● ASSIGNED TASK: Skip every picture, then write out exactly the lines of the listing below from the line that contains "金點(diǎn)原子鎖昆明技" through the final line.

● DATA SECTION:
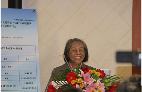 北京协和医院呼吸内科李龙芸教授到会并致辞,李龙芸教授回顾了自上世纪八十年代开始,上海胸科医院和北京协和医院肺癌中心,在肺癌的临床实践和科学研究方面,进行了广泛的合作,共同推进了肺癌规范化诊疗的发展,李龙芸教授表示凭借COE项目平台,将进一步推动两院在肺癌领域的各项合作,并共同推动各级医院肺癌规范化诊疗水平的提高。
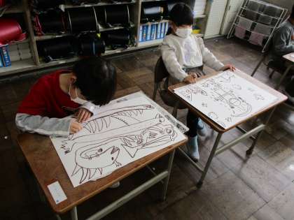 自分が乗ってみたいものにのって、行ってみたい場所へ!というテーマで絵を描いています。自分の好きなものに囲まれてとても素敵な幸せな絵になっています。これから、色付けをしていきます。どんな世界が出来上がるのかとても楽しみです。
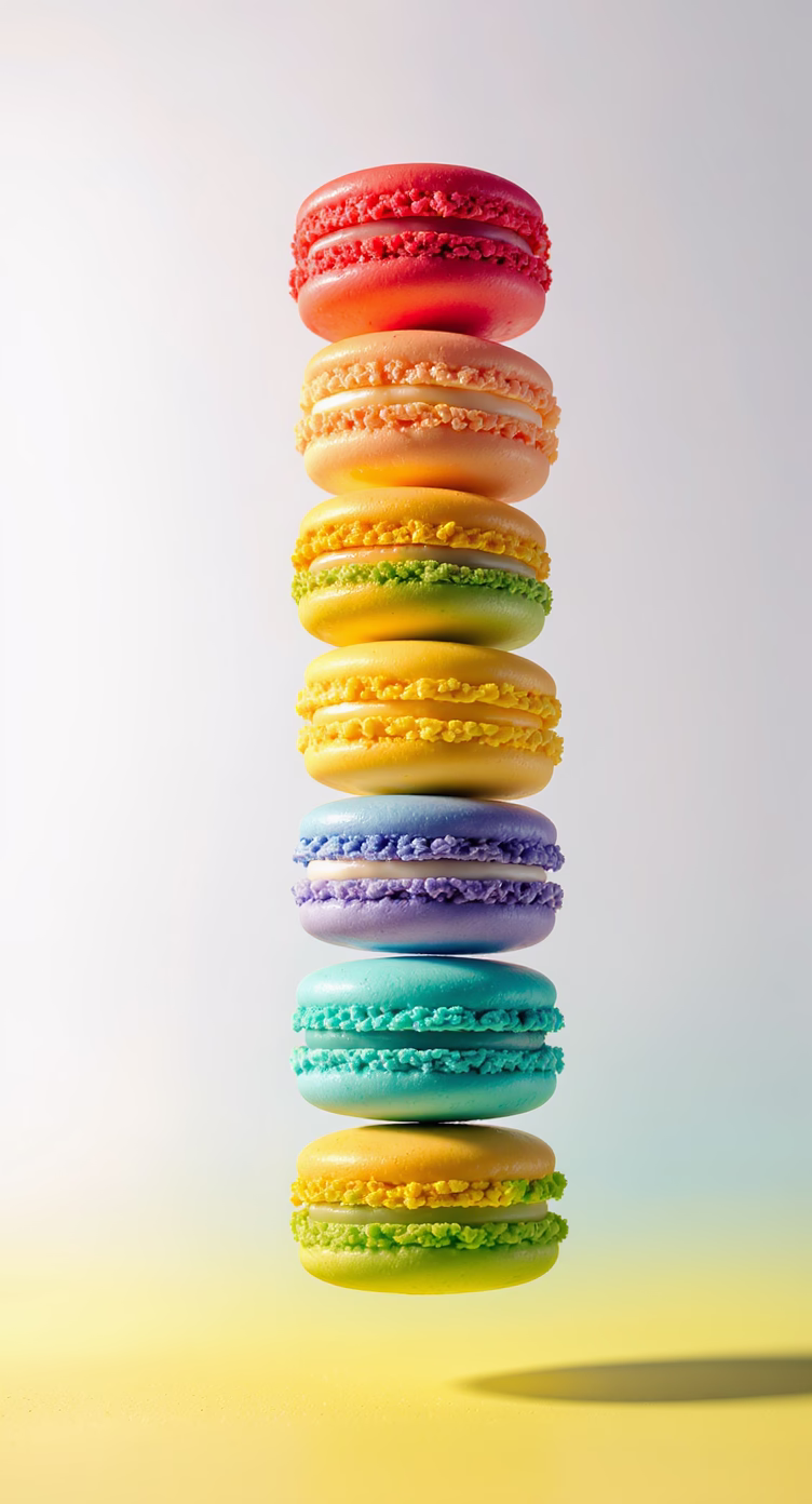 A vibrant stack of colorful macarons stands tall against a soft gradient background
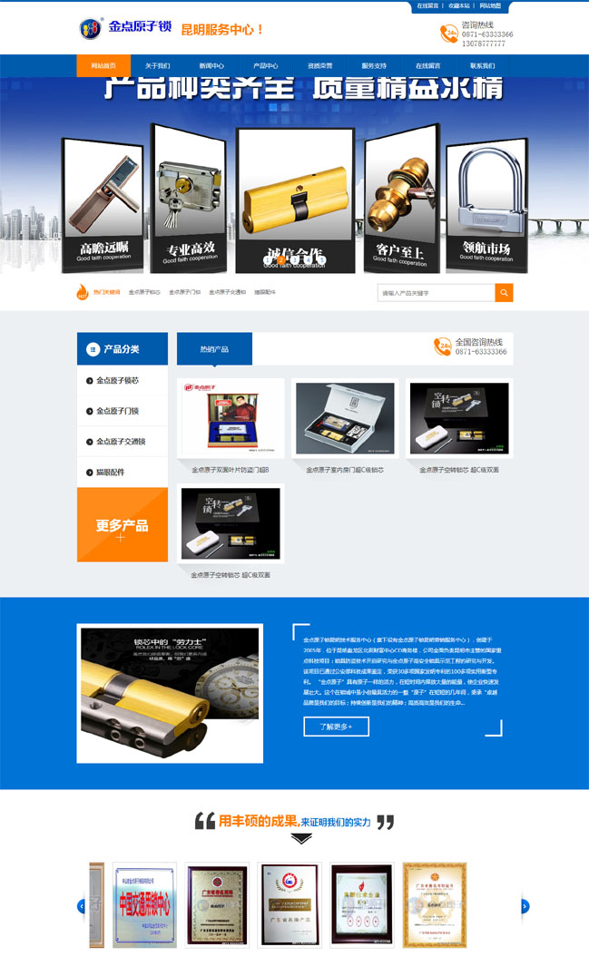 金點(diǎn)原子鎖昆明技術(shù)服務(wù)中心(旗下設(shè)有金點(diǎn)原子鎖昆明營(yíng)銷服務(wù)中心),創(chuàng)建于2005年,位于昆明盤龍區(qū)北辰財(cái)富中心CD商務(wù)樓,公司全面負(fù)責(zé)昆明市主管的國(guó)家重點(diǎn)科技項(xiàng)目:鎖具防盜技術(shù)開啟研究與金點(diǎn)原子高安全鎖具示范工程的研究與開發(fā)。該項(xiàng)目已通過(guò)公安部科技成果鑒定,榮獲30多項(xiàng)國(guó)家發(fā)明專利的100多項(xiàng)實(shí)用新型專利。
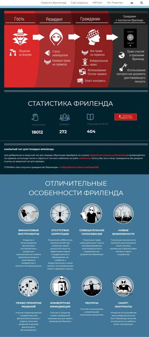 Дальше еще интересней! Интернет-контора Фри Ленд предлагает гражданство и паспорт своим участникам. Если ты внесешь достаточно денег в проект, то сможешь типа быть гражданином и решать кое-какие вопросы. Конечно же это все сделано для завлекалова народа и получения больших богатств. Как мы видим в Фри Ленд уже 18 000 участников из которых 272 граждан и 404 получивших ВНЖ - не яркая статистика для хайпа. А еще дальше начинают говорить о каких-то утопических моментах, где Free Land белая и пушистая.
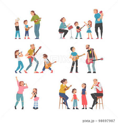 Grandpa and Grandma Singing and Playing Musical Instrument with Grandchild Vector Illustration Set
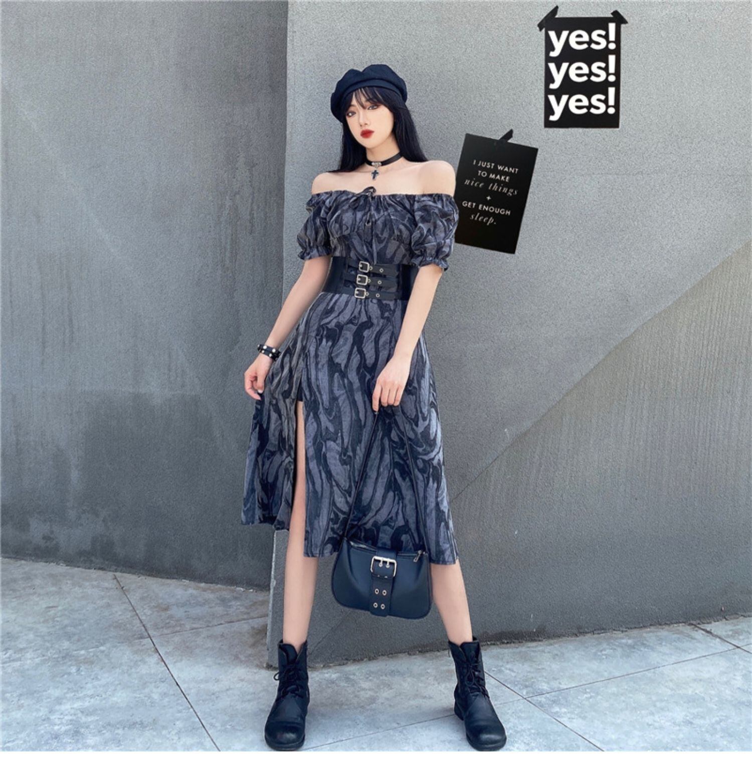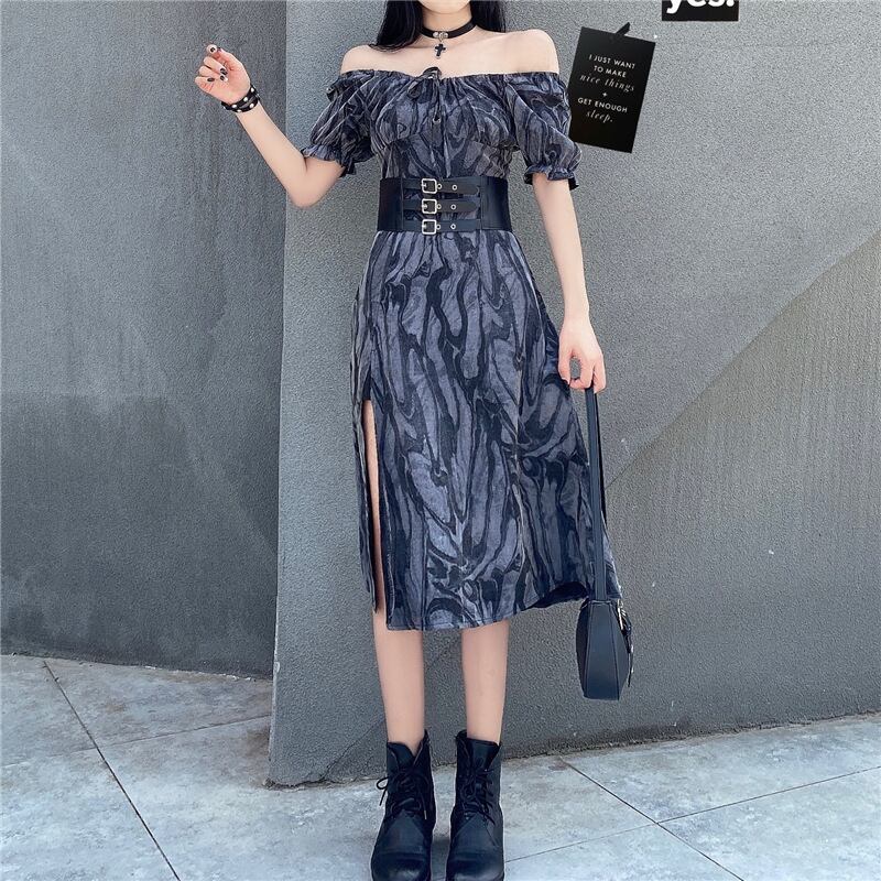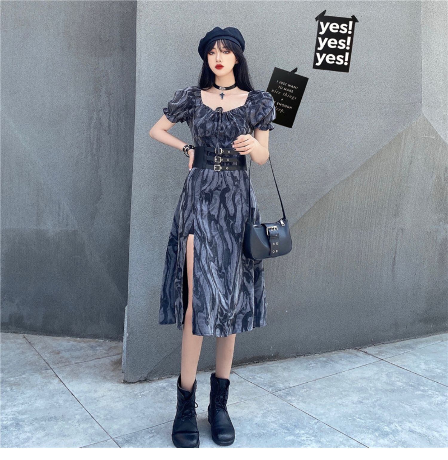 ワンピースレディース夏服韓国ファッショントレンドダークスカート 夏物 スタイル ミドル丈 デーモン75207352461
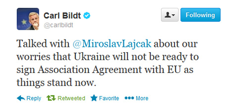 Міністри закордонних справ Швеції та Словаччини Карл Більдт та Мирослав Лайчак стурбовані тим, що Україна не буде готова до підписання асоціації з ЄС, якщо ситуація в країні не зміниться.
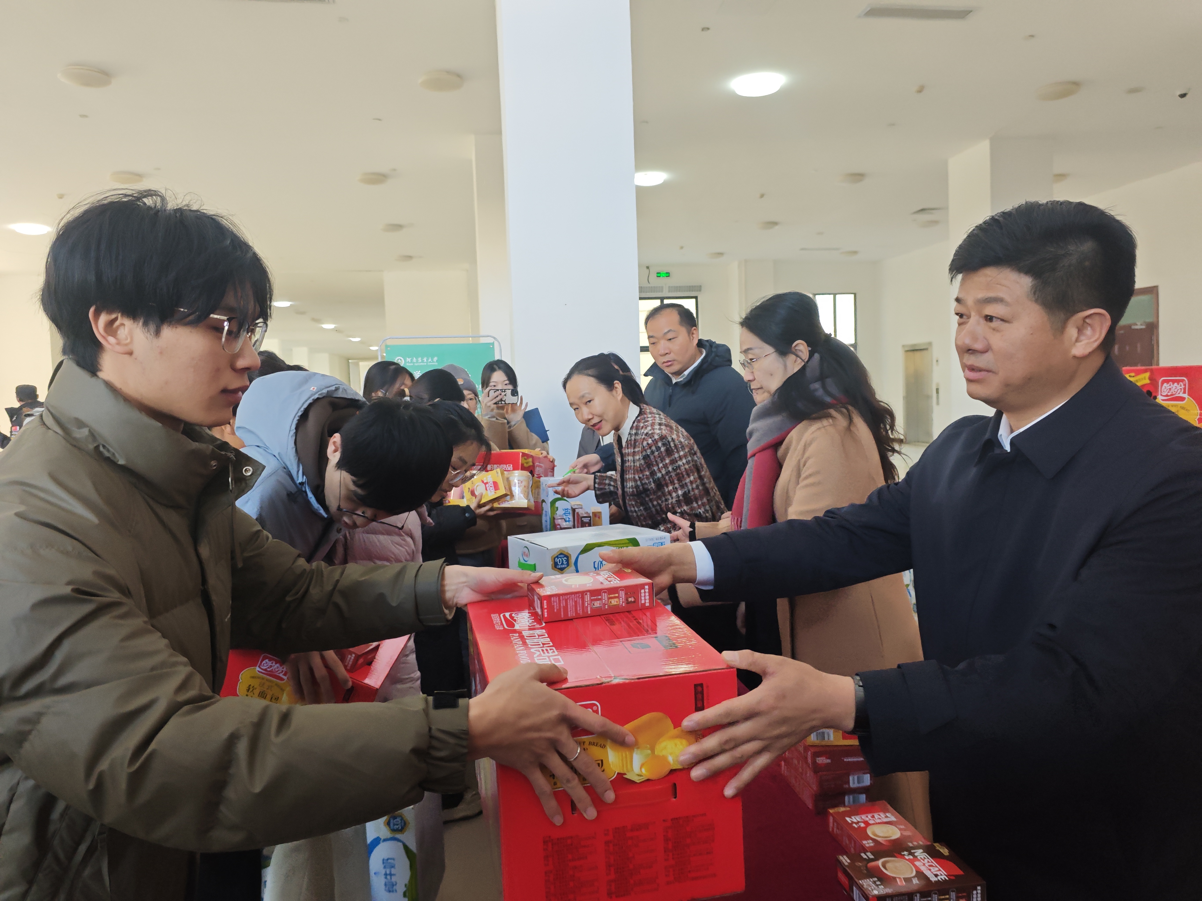 考研送温暖活动。院党委书记秦素玲、院长郑先波、院党委副书记余果、副院长陈广辉、副院长胡建斌及副院长谭彬出席,各年级辅导员及2021级学生代表共同参加。

● TASK RESULT:
 金點(diǎn)原子鎖昆明技術(shù)服務(wù)中心(旗下設(shè)有金點(diǎn)原子鎖昆明營(yíng)銷服務(wù)中心),創(chuàng)建于2005年,位于昆明盤龍區(qū)北辰財(cái)富中心CD商務(wù)樓,公司全面負(fù)責(zé)昆明市主管的國(guó)家重點(diǎn)科技項(xiàng)目:鎖具防盜技術(shù)開啟研究與金點(diǎn)原子高安全鎖具示范工程的研究與開發(fā)。該項(xiàng)目已通過(guò)公安部科技成果鑒定,榮獲30多項(xiàng)國(guó)家發(fā)明專利的100多項(xiàng)實(shí)用新型專利。
 Дальше еще интересней! Интернет-контора Фри Ленд предлагает гражданство и паспорт своим участникам. Если ты внесешь достаточно денег в проект, то сможешь типа быть гражданином и решать кое-какие вопросы. Конечно же это все сделано для завлекалова народа и получения больших богатств. Как мы видим в Фри Ленд уже 18 000 участников из которых 272 граждан и 404 получивших ВНЖ - не яркая статистика для хайпа. А еще дальше начинают говорить о каких-то утопических моментах, где Free Land белая и пушистая.
 Grandpa and Grandma Singing and Playing Musical Instrument with Grandchild Vector Illustration Set
 ワンピースレディース夏服韓国ファッショントレンドダークスカート 夏物 スタイル ミドル丈 デーモン75207352461
 Міністри закордонних справ Швеції та Словаччини Карл Більдт та Мирослав Лайчак стурбовані тим, що Україна не буде готова до підписання асоціації з ЄС, якщо ситуація в країні не зміниться.
 考研送温暖活动。院党委书记秦素玲、院长郑先波、院党委副书记余果、副院长陈广辉、副院长胡建斌及副院长谭彬出席,各年级辅导员及2021级学生代表共同参加。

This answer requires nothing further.